Phase 3: Iterative Content and Interaction Development
Each section was built and refined through specific feedback prompts. I evaluated every AI output against two things: whether it aligned with the learning objective, and whether it made sense for the learner. When the output was off, I redirected with a more precise instruction.
Here are some examples of the feedback prompts I used during this phase:
This review-and-redirect cycle repeated across every section. My role was to evaluate each output as a designer: keep what worked, push back on what didn't.

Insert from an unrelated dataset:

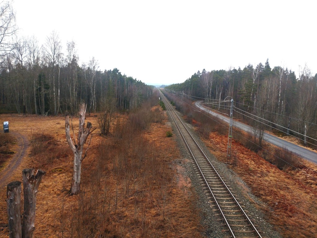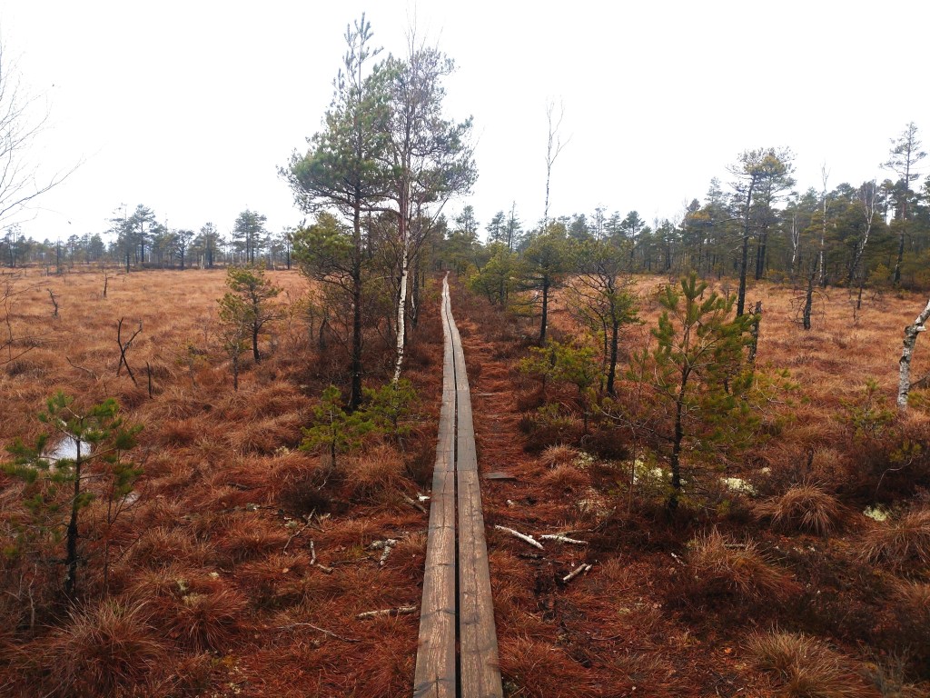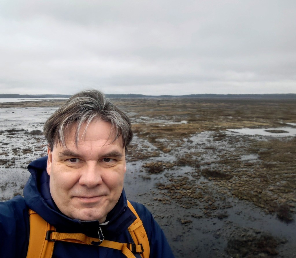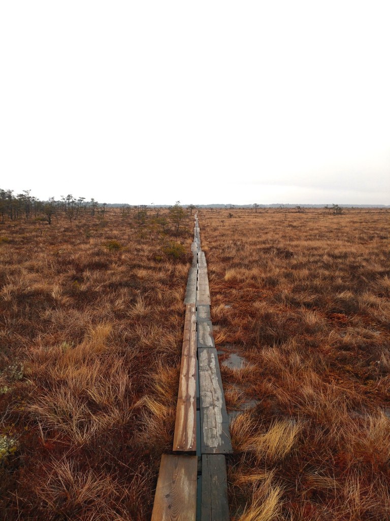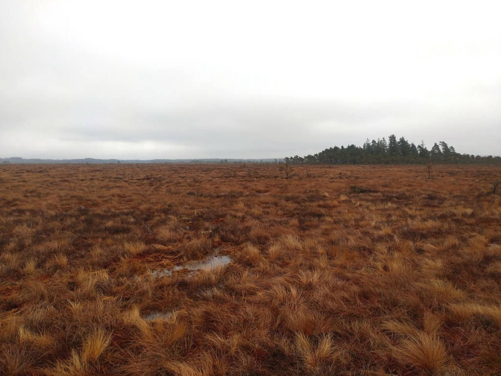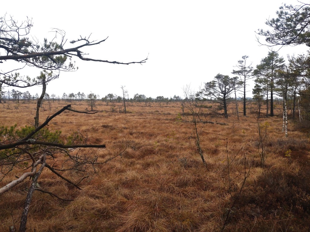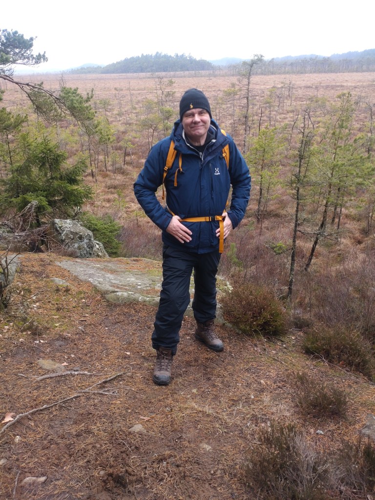 Vandringspremiär i nationalparken Store Mosse, beläget en bit utanför Värnamo. Här står jag tolv meter upp i det stora fågeltornet intill Naturum med utsikt över det imponerande gungflyet vid Kävsjön.På gångbron över järnvägen vid Kittlakull som leder till dagens vandringsetapp runt Lilla Lövö (drygt 6 kilometer).Stora Mosse räknas som Sydsveriges största myrmarksområde (totalt 8000 hektar) och landskapet är verkligen en suggestiv upplevelse att vandra igenom.Min arbetskollega och vandringskompanjon Per visar vägen på den blöta, något hala spången. Med fast mark under fötterna på Lilla Lövön.Majestätiska vidder. Jag längtar redan till nästa besök i detta fantastiska småländska myrhav.

Phase 4: Visual Design Direction
After the content was finalized, I chose a high-contrast visual theme (black, white, and yellow) and applied it through a single design prompt. The AI updated all colors across the course, including CSS variables, SVG elements, and inline styles.
I then reviewed the result and made specific adjustments, for example, identifying which text elements needed a darker amber instead of pure yellow for readability, and directing the AI to treat text colors differently from decorative fills.
Phase 5: Accessibility Audit and Remediation (WCAG 2.1 AA)
As a final step, I ran a full WCAG 2.1 accessibility audit by checking the contrast ratio of every text and background color combination in the course.
One fully functional HTML5 eLearning course (single-file, self-contained, WCAG 2.1 AA compliant).
Seven interactive sections with sidebar navigation and progress-gated Continue buttons.
Custom SVG visualizations: competency radar chart and hero’s journey workflow arc.
Interactive Copilot chat mockup with hover-revealed prompt anatomy.
Four-question knowledge assessment with branching feedback and score tracking.
Complete accessibility audit log with verified contrast ratios.